PWI Kaltim Mengecam Aksi Intimidasi 'Buzzer' Terhadap Jurnalis: Bukan Bagian dari Pers!

Aksi penyebaran data pribadi (doxing) yang menimpa Achmad Ridwan, pendiri media lokal Selasar.co di Kalimantan Timur, memicu reaksi keras dari Persatuan Wartawan Indonesia (PWI) Kalimantan Timur.

Ridwan menjadi korban doxing setelah mengkritik praktik serupa yang dilakukan oleh akun-akun yang diduga merupakan buzzer pemerintah kota. Ketua PWI Kaltim, Abdurrahman Amin, menyatakan keprihatinannya atas insiden ini dan mengecam tindakan tersebut sebagai bentuk intimidasi terhadap pekerja pers dan kebebasan berekspresi.
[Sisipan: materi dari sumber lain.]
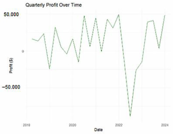 The “Portfolio Value Over Time” graph (Figure 2) illustrates the total value of the portfolio from Q1 2018 to Q1 2024. The graph indicates a consistent upward trajectory, with notable growth around 2021–2022, corresponding to the spike observed in cumulative profit. Periodic dips in portfolio value reflect market corrections, but the overall trend remains positive, highlighting the portfolio’s ability to recover and sustain growth. By Q1 2024, the portfolio value reaches its peak, underscoring the success of the investment strategy and portfolio management over the analyzed period.

"Ini bukan hanya masalah PWI. Ini adalah upaya pembungkaman," tegas Abdurrahman. Ia menambahkan bahwa buzzer bukanlah bagian dari pers dan kerap bertindak intimidatif di media sosial.

Abdurrahman menekankan bahwa kritik dalam dunia jurnalistik memiliki dasar metodologi dan kode etik yang jelas. Apabila terdapat kesalahan, seharusnya diselesaikan melalui mekanisme Dewan Pers, bukan dengan serangan personal, terutama yang dilakukan oleh akun-akun anonim. Tindakan doxing terhadap pemimpin redaksi media lokal seperti Selasar.co tidak dapat dianggap remeh. Menjaga ruang kebebasan berekspresi, khususnya bagi media yang menyuarakan kepentingan publik, adalah hal yang krusial.

"Jika hal ini dibiarkan, tidak hanya merusak demokrasi, tetapi juga membuat jurnalis enggan untuk bersuara," ujarnya. Ia mengingatkan bahwa kerja jurnalis dilindungi oleh undang-undang dan memiliki peran penting bagi masyarakat.

Kasus ini bermula ketika video berisi identitas pribadi Ridwan dan istrinya, termasuk informasi KTP seperti NIK, mulai tersebar di platform TikTok dan Instagram pada Minggu (11/5/2025). Penyebaran informasi ini terjadi sehari setelah Selasar.co memposting video monolog Ridwan yang mengecam aksi buzzer dan mengungkap identitas pribadi kreator konten TikTok dengan nama akun kingtae.life.

Dalam keterangan tertulisnya, Ridwan menyatakan bahwa konten-konten yang dibuat para buzzer justru memvalidasi kritiknya bahwa tindakan mereka harus ditertibkan karena mengganggu kebebasan berekspresi dan merusak demokrasi.

Video monolog berdurasi sekitar lima menit tersebut menggambarkan para buzzer sebagai bagian dari operasi sistematis yang dipelihara oleh pemerintah kota, yang ia sebut sebagai "Pemerintah Kota Bikini Bottom". Ia menyoroti pola serangan terhadap warga yang vokal terhadap pembangunan kota. Alih-alih mendapatkan tanggapan argumentatif, kritik yang disampaikannya justru dibalas dengan aksi doxing.

Meski menjadi korban doxing, Ridwan mengaku tidak gentar dan menyerukan masyarakat untuk tidak tinggal diam menghadapi pola serupa yang dapat menimpa siapa pun.

"Hari ini identitas konten kreator, juga identitas saya dan istri disebar. Tapi bukan tidak mungkin kelak identitas Anda dan orang tersayang juga akan disebar oleh para buzzer jika Anda berseberangan dengan mereka," ungkapnya.

Ridwan berharap agar pihak berwenang menindak tegas akun-akun yang menyebarkan data pribadinya. Ia juga meminta pejabat publik, terutama mereka yang berada di balik praktik buzzer, untuk tidak membiarkan aksi-aksi intimidatif ini terus berlanjut.

"Kritik itu vitamin bagi pemerintah. Karena tidak semua aparatur sipil negara berani menyuarakan kebenaran. Maka, kalau ada elemen luar yang memberi kritik, itu harusnya disambut, bukan diberangus dengan doxing," pungkas Ridwan.